[About this task]
Every line of the data below must be output exactly, with images left out.

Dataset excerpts

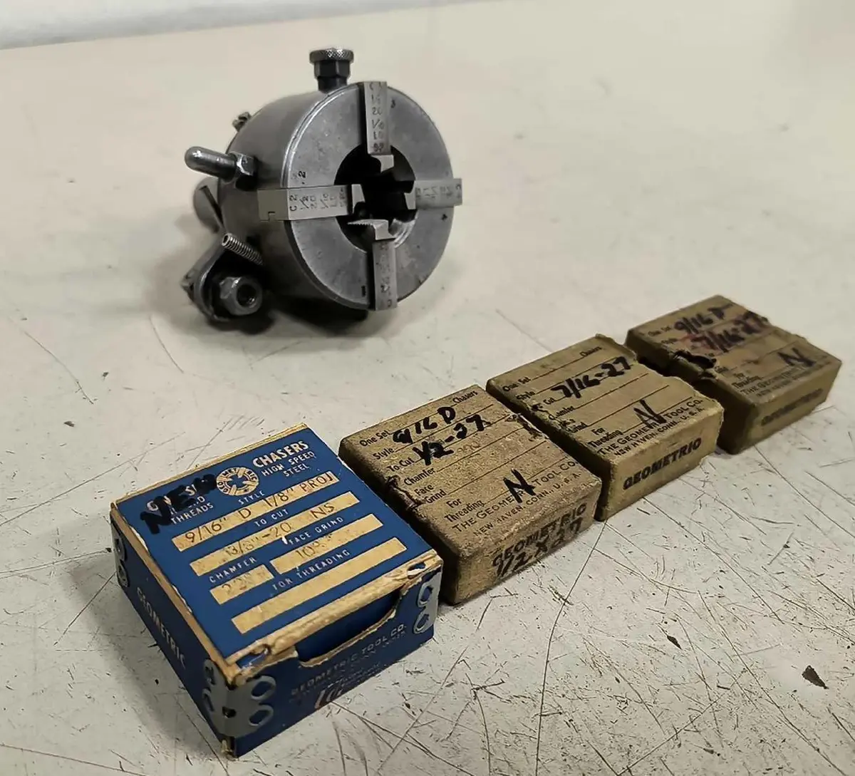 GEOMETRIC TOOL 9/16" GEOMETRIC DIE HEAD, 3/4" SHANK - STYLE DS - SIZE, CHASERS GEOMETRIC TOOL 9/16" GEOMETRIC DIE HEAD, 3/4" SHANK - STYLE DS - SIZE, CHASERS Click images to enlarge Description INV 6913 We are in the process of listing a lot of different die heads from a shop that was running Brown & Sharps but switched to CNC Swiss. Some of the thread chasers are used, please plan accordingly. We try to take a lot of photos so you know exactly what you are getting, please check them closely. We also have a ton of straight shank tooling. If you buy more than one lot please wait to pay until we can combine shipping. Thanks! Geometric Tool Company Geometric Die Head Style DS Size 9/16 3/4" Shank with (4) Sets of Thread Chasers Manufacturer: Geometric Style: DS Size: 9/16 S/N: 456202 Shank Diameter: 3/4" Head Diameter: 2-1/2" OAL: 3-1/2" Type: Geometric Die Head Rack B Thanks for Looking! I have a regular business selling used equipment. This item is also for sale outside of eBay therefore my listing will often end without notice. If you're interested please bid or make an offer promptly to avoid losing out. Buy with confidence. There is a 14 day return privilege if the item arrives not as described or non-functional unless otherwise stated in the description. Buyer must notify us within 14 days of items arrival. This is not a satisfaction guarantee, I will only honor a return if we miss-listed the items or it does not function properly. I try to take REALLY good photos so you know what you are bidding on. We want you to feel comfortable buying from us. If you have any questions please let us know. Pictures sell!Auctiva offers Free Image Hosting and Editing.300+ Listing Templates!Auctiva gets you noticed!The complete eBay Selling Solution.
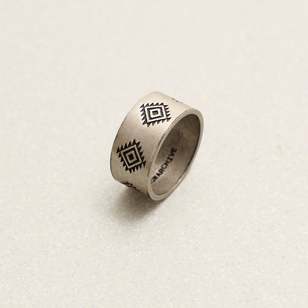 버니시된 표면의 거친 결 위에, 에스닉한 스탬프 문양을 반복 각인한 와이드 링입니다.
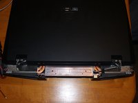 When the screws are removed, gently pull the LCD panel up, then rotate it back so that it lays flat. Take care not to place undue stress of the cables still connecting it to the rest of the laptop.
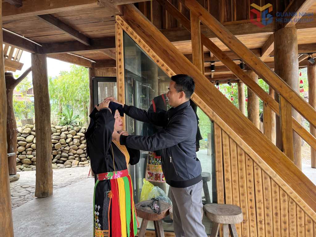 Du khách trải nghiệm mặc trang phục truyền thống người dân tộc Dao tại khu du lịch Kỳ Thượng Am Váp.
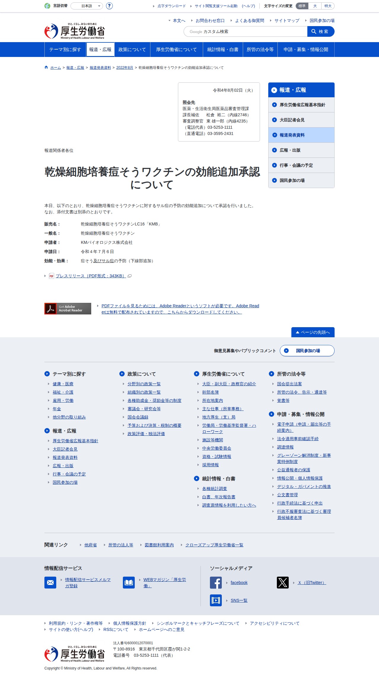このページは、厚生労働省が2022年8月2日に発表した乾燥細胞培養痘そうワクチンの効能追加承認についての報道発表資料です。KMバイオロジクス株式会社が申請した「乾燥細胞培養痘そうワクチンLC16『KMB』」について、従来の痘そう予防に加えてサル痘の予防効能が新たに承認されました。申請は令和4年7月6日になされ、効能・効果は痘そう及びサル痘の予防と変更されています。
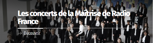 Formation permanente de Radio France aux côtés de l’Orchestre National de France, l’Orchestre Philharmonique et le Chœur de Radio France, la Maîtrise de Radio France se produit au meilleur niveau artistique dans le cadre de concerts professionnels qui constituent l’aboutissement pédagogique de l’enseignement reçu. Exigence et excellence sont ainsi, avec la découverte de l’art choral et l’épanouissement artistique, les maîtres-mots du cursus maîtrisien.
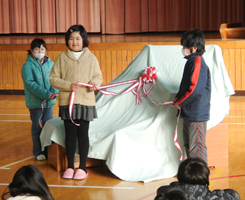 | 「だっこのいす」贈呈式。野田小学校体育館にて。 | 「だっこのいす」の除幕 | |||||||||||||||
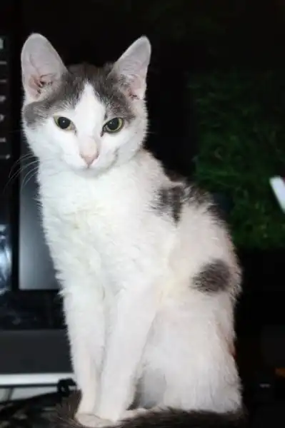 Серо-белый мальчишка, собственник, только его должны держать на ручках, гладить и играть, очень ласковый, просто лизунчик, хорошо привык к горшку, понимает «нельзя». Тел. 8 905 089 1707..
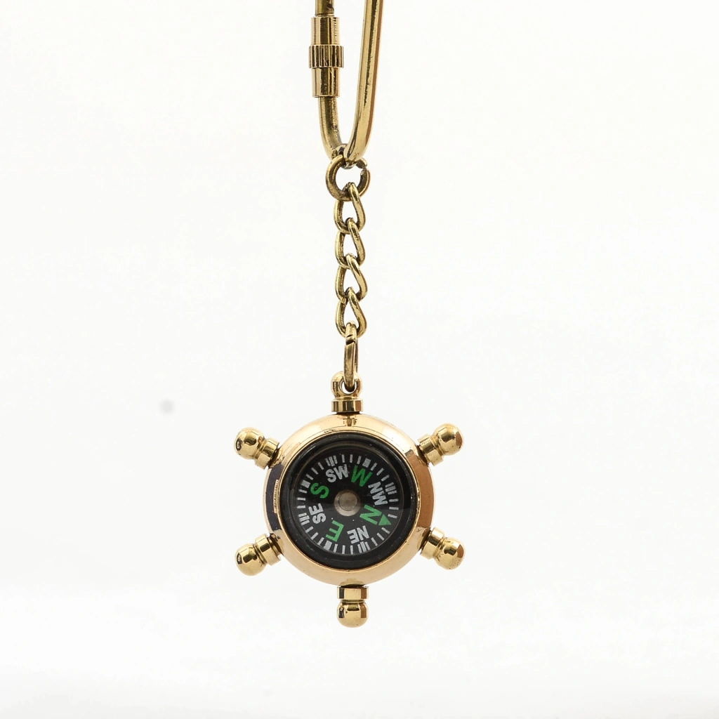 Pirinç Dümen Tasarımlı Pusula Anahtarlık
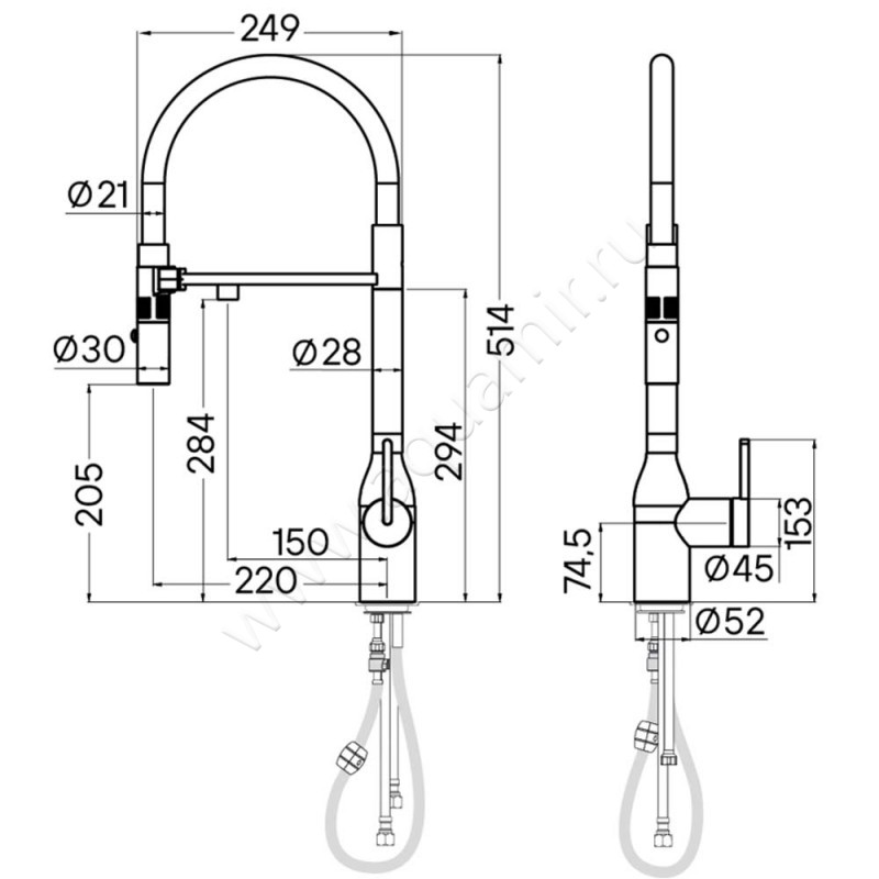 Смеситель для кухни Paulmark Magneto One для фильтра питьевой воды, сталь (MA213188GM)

[The answer]
 GEOMETRIC TOOL 9/16" GEOMETRIC DIE HEAD, 3/4" SHANK - STYLE DS - SIZE, CHASERS GEOMETRIC TOOL 9/16" GEOMETRIC DIE HEAD, 3/4" SHANK - STYLE DS - SIZE, CHASERS Click images to enlarge Description INV 6913 We are in the process of listing a lot of different die heads from a shop that was running Brown & Sharps but switched to CNC Swiss. Some of the thread chasers are used, please plan accordingly. We try to take a lot of photos so you know exactly what you are getting, please check them closely. We also have a ton of straight shank tooling. If you buy more than one lot please wait to pay until we can combine shipping. Thanks! Geometric Tool Company Geometric Die Head Style DS Size 9/16 3/4" Shank with (4) Sets of Thread Chasers Manufacturer: Geometric Style: DS Size: 9/16 S/N: 456202 Shank Diameter: 3/4" Head Diameter: 2-1/2" OAL: 3-1/2" Type: Geometric Die Head Rack B Thanks for Looking! I have a regular business selling used equipment. This item is also for sale outside of eBay therefore my listing will often end without notice. If you're interested please bid or make an offer promptly to avoid losing out. Buy with confidence. There is a 14 day return privilege if the item arrives not as described or non-functional unless otherwise stated in the description. Buyer must notify us within 14 days of items arrival. This is not a satisfaction guarantee, I will only honor a return if we miss-listed the items or it does not function properly. I try to take REALLY good photos so you know what you are bidding on. We want you to feel comfortable buying from us. If you have any questions please let us know. Pictures sell!Auctiva offers Free Image Hosting and Editing.300+ Listing Templates!Auctiva gets you noticed!The complete eBay Selling Solution.
 버니시된 표면의 거친 결 위에, 에스닉한 스탬프 문양을 반복 각인한 와이드 링입니다.
 When the screws are removed, gently pull the LCD panel up, then rotate it back so that it lays flat. Take care not to place undue stress of the cables still connecting it to the rest of the laptop.
 Du khách trải nghiệm mặc trang phục truyền thống người dân tộc Dao tại khu du lịch Kỳ Thượng Am Váp.
このページは、厚生労働省が2022年8月2日に発表した乾燥細胞培養痘そうワクチンの効能追加承認についての報道発表資料です。KMバイオロジクス株式会社が申請した「乾燥細胞培養痘そうワクチンLC16『KMB』」について、従来の痘そう予防に加えてサル痘の予防効能が新たに承認されました。申請は令和4年7月6日になされ、効能・効果は痘そう及びサル痘の予防と変更されています。
 Formation permanente de Radio France aux côtés de l’Orchestre National de France, l’Orchestre Philharmonique et le Chœur de Radio France, la Maîtrise de Radio France se produit au meilleur niveau artistique dans le cadre de concerts professionnels qui constituent l’aboutissement pédagogique de l’enseignement reçu. Exigence et excellence sont ainsi, avec la découverte de l’art choral et l’épanouissement artistique, les maîtres-mots du cursus maîtrisien.
 | 「だっこのいす」贈呈式。野田小学校体育館にて。 | 「だっこのいす」の除幕 | |||||||||||||||
 Серо-белый мальчишка, собственник, только его должны держать на ручках, гладить и играть, очень ласковый, просто лизунчик, хорошо привык к горшку, понимает «нельзя». Тел. 8 905 089 1707..
 Pirinç Dümen Tasarımlı Pusula Anahtarlık
 Смеситель для кухни Paulmark Magneto One для фильтра питьевой воды, сталь (MA213188GM)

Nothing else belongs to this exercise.